Читать «Гномон» онлайн - страница 292

Ник Харкуэй

* * *

В те первые дни после краха со мной все было в порядке. Неспешное умирание, гибель древней империи, начавшаяся в феврале 1974 года, через несколько дней после того, как я начал свою работу, достигла кульминации в криках и грохоте сентября. Сам Хайле Селассие прожил до 1975-го, когда, как многие считают, Менгисту его собственноручно убил. Если бы это произошло тогда, в сентябре, думаю, я бы сбежал. Могло получиться: короткая поездка в аэропорт, а там – обмен товаров на услуги. Конечно, у меня были друзья, которые меня защищали и могли бы помочь: старые собутыльники из университета, которые теперь оказались назначены в состав комиссии народного художественного искусства, – Дерг пытался наскрести какой-то положительный образ своему перевороту. Я даже был знаком с несколькими кадровыми офицерами, успевшими запрыгнуть в последний вагон революционного поезда. Я ведь был художником и со многими общался. Никто не мог всерьез посчитать меня политиком, хотя политический вес у меня имелся – как у вазы, которую можно разбить.
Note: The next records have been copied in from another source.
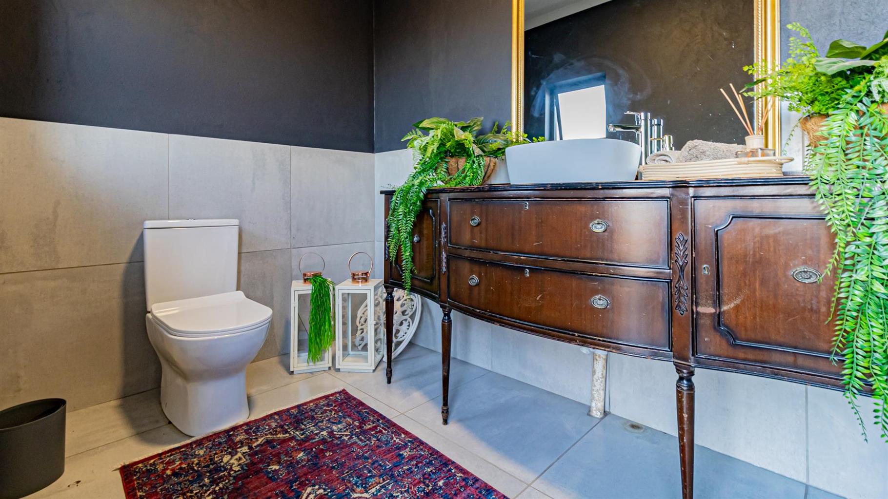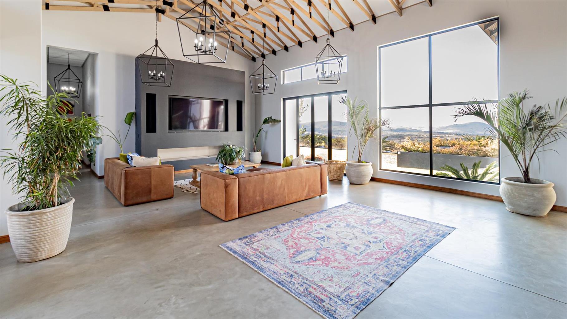 Step inside to discover soaring double-volume ceilings, exposed timber beams, and panoramic glass stacking doors that flood the home with natural light and seamlessly blend indoor luxury with outdoor serenity. The open-plan design features Cemcrete flooring, two biofuel fireplaces, and a designer farm-style kitchen with oak veneer countertops and a high-end Smeg gas stove, ideal for culinary creativity and entertaining.
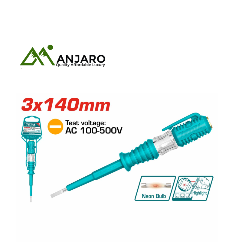 The Total THT291408 Test Pencil is a must-have tool for quick and safe identification of live electrical circuits. Designed with a durable build and insulated body, this test pencil allows users to easily detect AC voltage in outlets, wires, and terminals. Perfect for electricians, technicians, and household users, it offers a simple and reliable way to check for power presence before working on any electrical system.
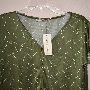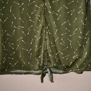 All in Love Women's Green Arrow Print Cap Sleeve Button-Up Knot Front Top Size M
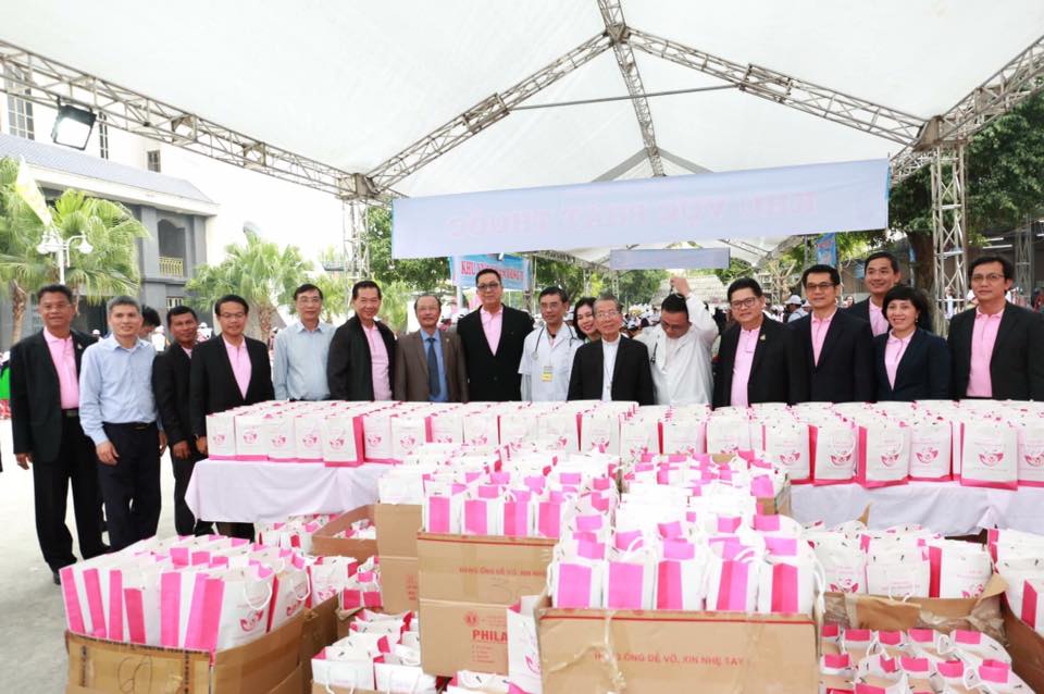 คุณสุขสันต์ เจียมใจสว่างฤกษ์ รองประธานคณะกรรมการบริหาร ซีพีเอฟ พร้อมด้วย คุณมนตรี สุวรรณโพธิ์ศรี กรรมการผู้จัดการ และ คุณ Le Nhat Thuy ประธานกองทุน ซี.พี. เวียดนาม เพื่อการกุศล ร่วมเปิดโครงการการกุศล “คนพิการต้อนรับเทศกาล Noel 2019” จัดโดย กองทุน ซี.พี.เวียดนาม เพื่อการกุศล ร่วมกับ คณะกรรมการการกุศลเพื่อสังคม – Caritas Thai Binh แพทย์อาสาทั้งในและต่างประเทศ และอาสาสมัคร เพื่อให้คำปรึกษา ตรวจสุขภาพ การรักษาและจ่ายยา ให้แก่คนพิการและผู้ยากไร้ชาวเวียดนาม กว่า 6,000 คน
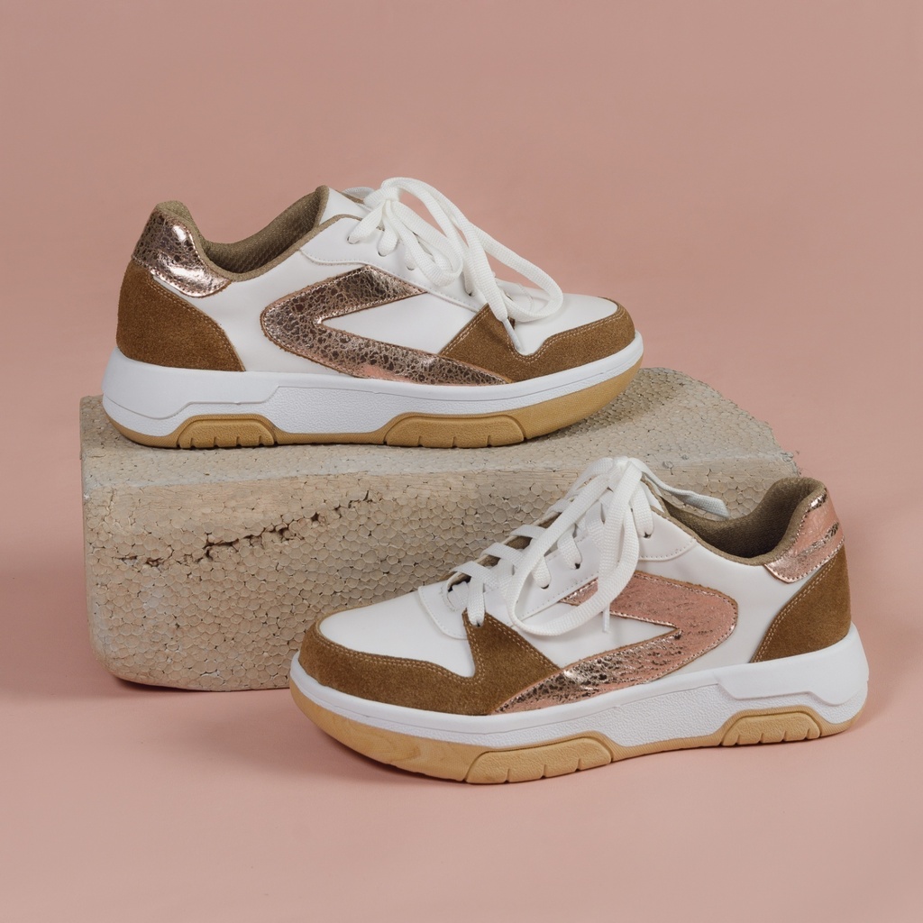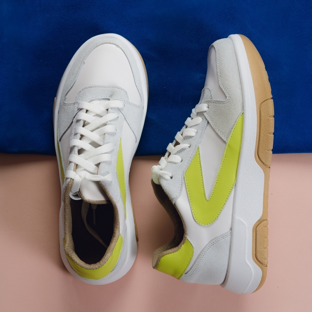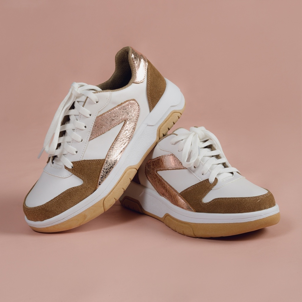 Descubrí la comodidad y estilo de las zapatillas Ruby. Confeccionadas con capellada de cuero, forro de eco cuero y base antideslizante, son ideales para acompañarte en cualquier actividad del día. Disponibles en colores blanco con detalles cobre y blanco con detalles verdes, combinan confort y elegancia en cada paso. Guía de talles:- Talle (AR), Largo del Pie- 35, 23.2 cm- 36, 23.8 cm- 37, 24.3 cm- 38, 25 cm- 39, 25.8 cm- 40, 26.6 cm Cómo tomar tus medidas corporales: Largo del Pie Sobre un papel, dibujá el contorno de tus pies descalzos. Medí desde el dedo más largo hasta la altura del talón. Sumale 0,5 cm de holgura.

На самом деле нужно было бежать – как придется, но я честно верил, и друзья меня убеждали, что все устаканится. Не такая это революция, говорили они, не как у русских, когда царя со всей семьей поставили к стенке. Совсем другая: один способ производства сменяет другой в полном соответствии с прогрессивной теорией исторического материализма. Оставайся дома, займись чем-то, пиши картины, постепенно страсти улягутся и станешь национальным достоянием, примером человека, который волевым усилием сбросил ярмо царского гнета. В моих картинах ведь можно заметить что-то от соцреализма. Чуть подкрасить, и из меня выйдет герой или хотя бы сочувствующий. Нужно только подождать и не смотреть, что происходит за окном; не слушать крики людей, которых дубинками забивают на улицах, не слышать хруст костей; не замечать воплей женщин, которых волокут отвечать за воображаемые преступления мужей; не думать о шорохе шагов детей, которые вышли на улицы в поисках пропавших родителей.
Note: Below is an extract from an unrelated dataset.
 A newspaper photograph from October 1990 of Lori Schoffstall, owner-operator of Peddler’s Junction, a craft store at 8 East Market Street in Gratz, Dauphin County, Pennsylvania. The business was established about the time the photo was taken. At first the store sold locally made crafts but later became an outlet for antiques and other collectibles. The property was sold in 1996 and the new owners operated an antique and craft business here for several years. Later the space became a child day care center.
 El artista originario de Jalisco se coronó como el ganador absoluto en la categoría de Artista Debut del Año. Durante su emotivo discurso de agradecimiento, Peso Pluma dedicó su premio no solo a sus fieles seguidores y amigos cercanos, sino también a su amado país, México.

Эта революция не была худшей в мировой истории. Думаю, она не была и более гнусной, чем американская или английская в свое время. У каждого народа есть свои горести и свой стыд, свое безумие. Это было наше. Каков бы ни оказался корень насилия – то ли несовершенная экономическая система, timor mortis или первородный грех, – плод его созрел той осенью в Аддис-Абебе.

Разумеется, мои друзья ошибались: в проклятой книге аудиенций, переплетенной в той же мастерской, что и членский журнал кичливого лондонского клуба «Атенеум», слишком часто мелькал некий Берихун Бекеле. Мимо не пройти. Меня вознесли на самый верх: идеального предателя, идеального декадента, порождение уродливого общества, идеального лизоблюда и прислужника дворцовых аристократов и эксплуататоров из Техаса и Бирмингема. Чем я лучше итальянского фашиста? Чем лучше коллаборанта? Это я кованым сапогом наступил на горло простому народу. И за мной пришли – крепкие люди под предводительством низенького хирурга с мрачным лицом и руками, похожими на мои. У него на щеке темнело родимое пятно, похожее на горящий факел.